For the Balmer series $(n_1 = 2, n_2 = 3)$: $\frac{1}{\lambda_B} = R \left( \frac{1}{2^2} - \frac{1}{3^2} \right) = R \left( \frac{1}{4} - \frac{1}{9} \right) = \frac{5R}{36}$.
The ratio of wavelengths is $\frac{\lambda_L}{\lambda_B} = \frac{1/\lambda_B}{1/\lambda_L} = \frac{5R/36}{3R/4} = \frac{5}{36} \times \frac{4}{3} = \frac{5}{27}$.

(A) According to the Bohr model for the hydrogen atom,the radius of the $n^{th}$ stationary orbit is given by the formula: $r_n = a_0 \times n^2$,where $a_0$ is the Bohr radius and $n$ is the principal quantum number.

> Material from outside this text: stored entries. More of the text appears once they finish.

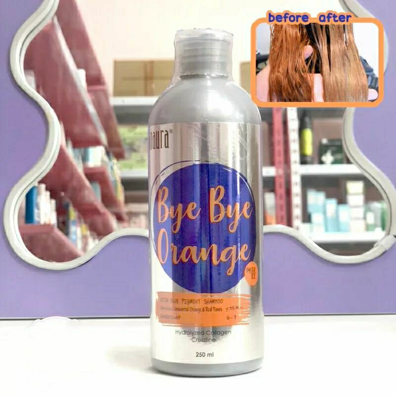 🧡 BYE BYE ORANGE SHAMPOO ✔️ Kaya akan pigmen blue yang berfungsi untuk menetralkan tone orange dan merah pada rambut yang di bleach atau di highlight ✔️ sangat baik digunakan untuk warna warna dingin pada level 7 dan dibawahnya sehingga menjadi berkilau dan elegan tanpa ada efek orange kemerahan ✔️ Diperkaya dengan Hydrolyzed Collagen dan Creatine yang memberikan nutrisi, kelembutan, elastisitas dan kilau pada rambut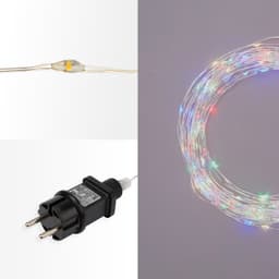 Светодиодная гирлянда «Роса» – прекрасный декоративный элемент, светящийся разными огоньками и создающий атмосферу праздника и уюта. Это отличный способ акцентировать внимание на отдельных предметах интерьера, создать неповторимый арт-объект или использовать в качестве дополнительной подсветки. Гирлянда может эффектно подчеркнуть красоту картины, вазы с цветами, статуэтки или украсить небольшую елочку. Данный вариант имеет большую длину и трансформатор для подключения в сеть с защитой IP44, что позволят использовать его и на улице. Гирлянда состоит из тонкого провода длиной 20 метров, с расположенными на нем 200 долговечными светодиодами в цвете мультиколор. Длина электрошнура 3 метра. Создайте атмосферу праздника с помощью светодиодной гирлянды «Роса»!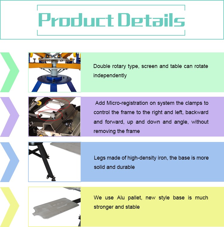 Adjust the screw handle to move the screen in all directions, very accurate multi-color registration | ||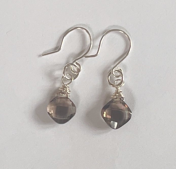 Gorgeous faceted smoky quartz stones on sterling silver settings. 20mm drop. These are a beautiful smoky brown colour. Absolutely unique.
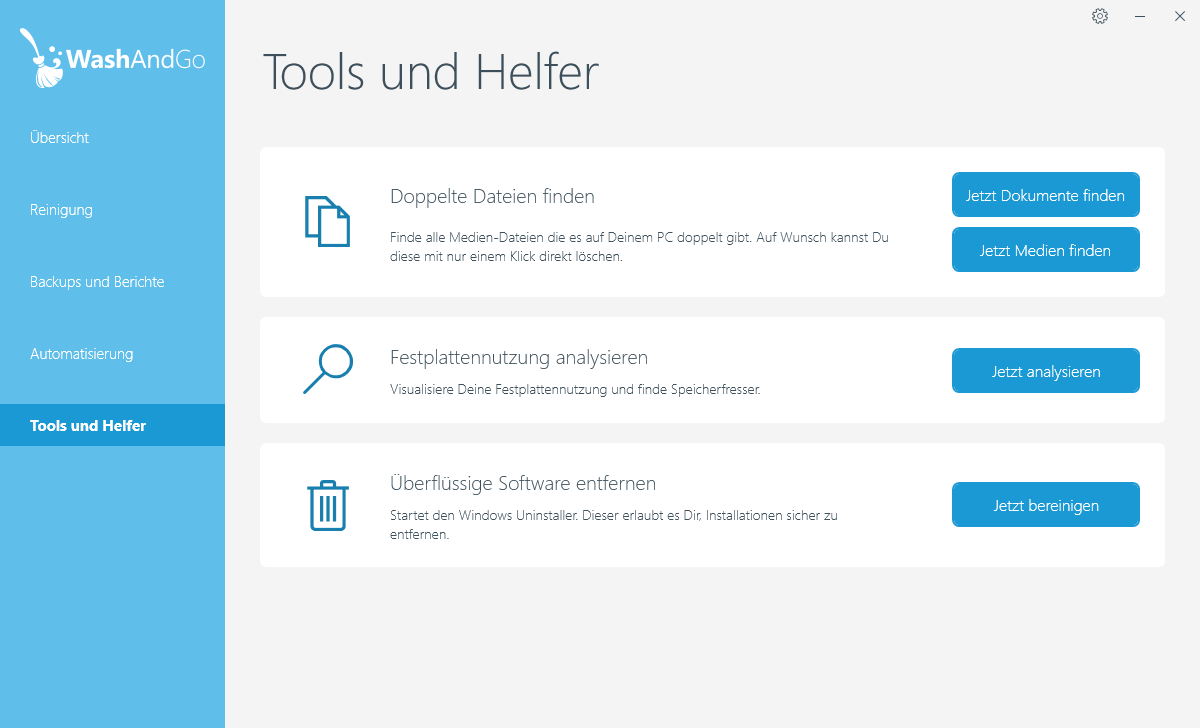 Der neue Reinigungs- und Lösch-Algorithmus findet jetzt in seinen drei Reinigungsstufen noch mehr unnötigen Ballast, der Deinen PC blockiert und verlangsamt. Dank der praktischen Backup-Funktion kannst Du selbst nachträglich Gereinigtes wieder herstellen und die zusätzlichen Tools und Helfer unterstützen Dich, wenn Du noch genaueren Einblick in die Staubfänger Deiner PCs brauchst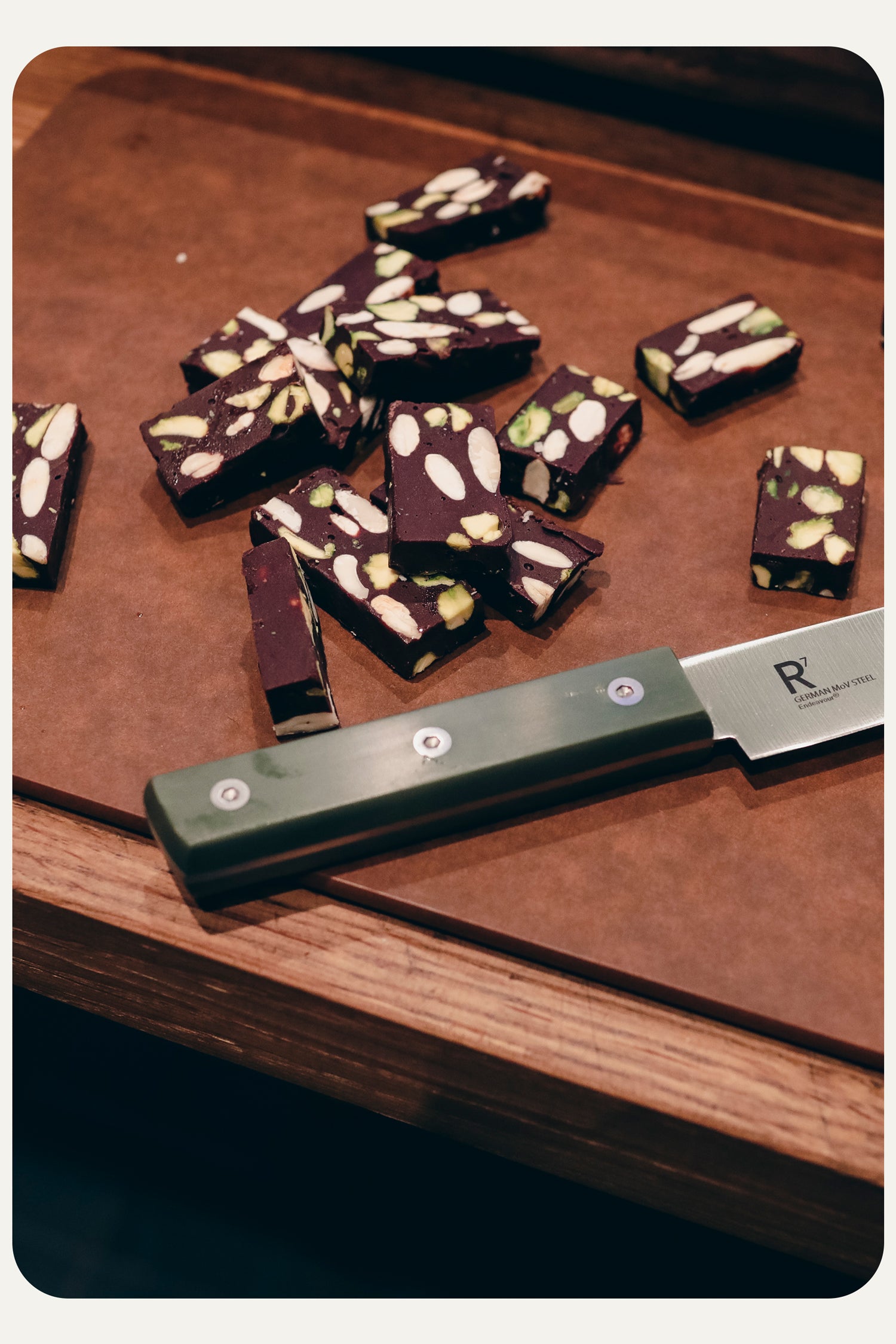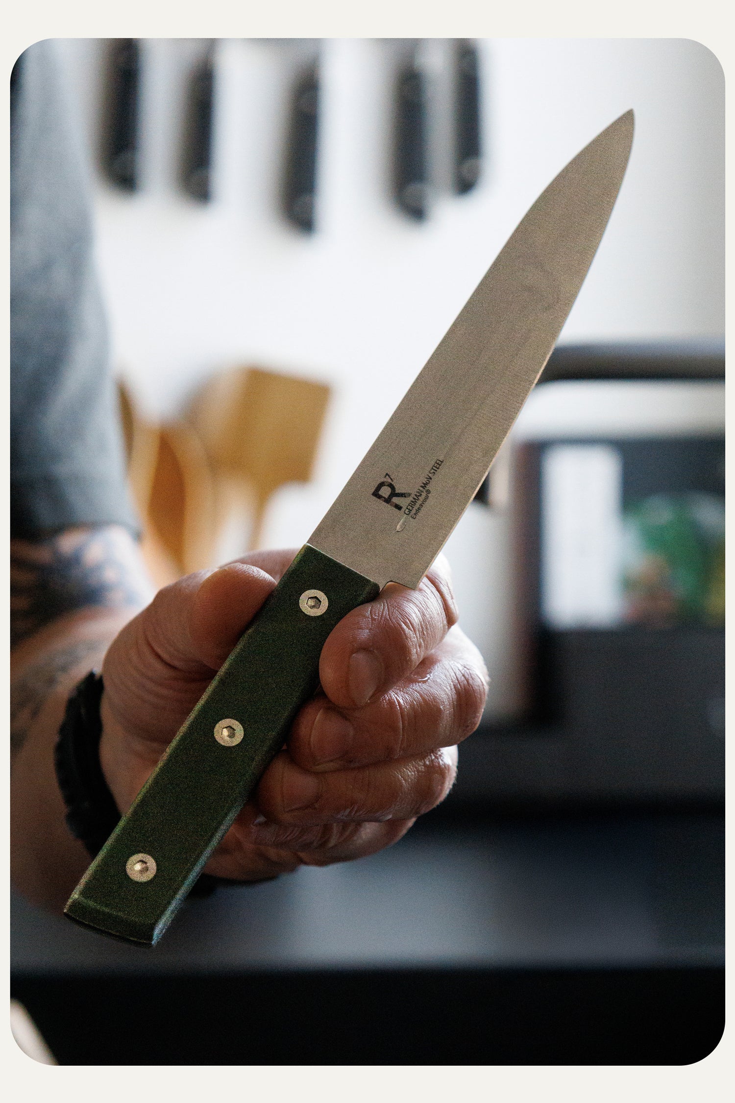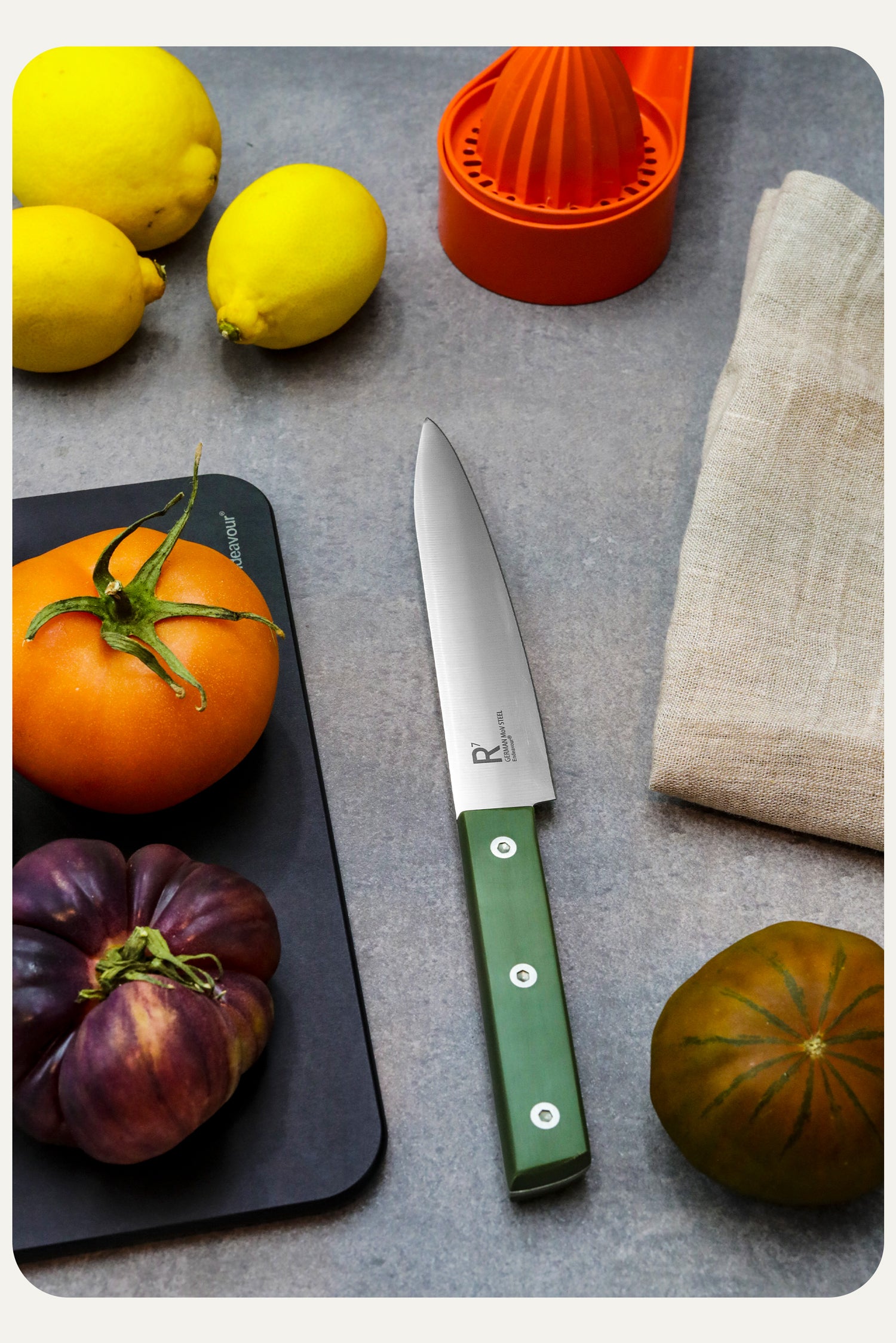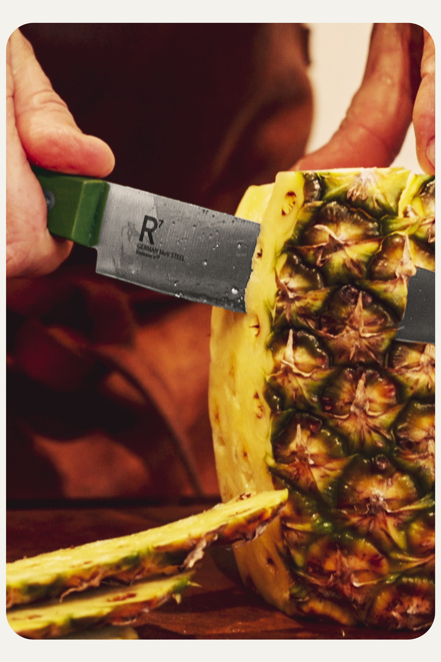 Resolution R7 er fremstillet i tysk rustfrit Mov stål. Den har en hårdhed på HRC 55-57 og er både slidstærk og funktionel. En universal kniv som på grund af sin størrelse kan benyttes til mange opgaver i køkkenet. Et sikkert førstevalg, uanset om du skal skære frugt eller grønt.

Therefore,the radius of the stationary orbit is directly proportional to the square of the principal quantum number,$n^2$.

(B) The infrared region in the hydrogen spectrum includes the Paschen,Brackett,and Pfund series.
For transitions from $n_2 = 6$ to $n_1 = 3$:
$1$. Paschen series $(n_1 = 3)$: Transitions from $n_2 = 6, 5, 4$ to $n_1 = 3$. Number of lines = $6 - 3 = 3$.
$2$. Brackett series $(n_1 = 4)$: Transitions from $n_2 = 6, 5$ to $n_1 = 4$. Number of lines = $6 - 4 = 2$.
$3$. Pfund series $(n_1 = 5)$: Transition from $n_2 = 6$ to $n_1 = 5$. Number of lines = $6 - 5 = 1$.
Total number of lines in the infrared region = $3 + 2 + 1 = 6$.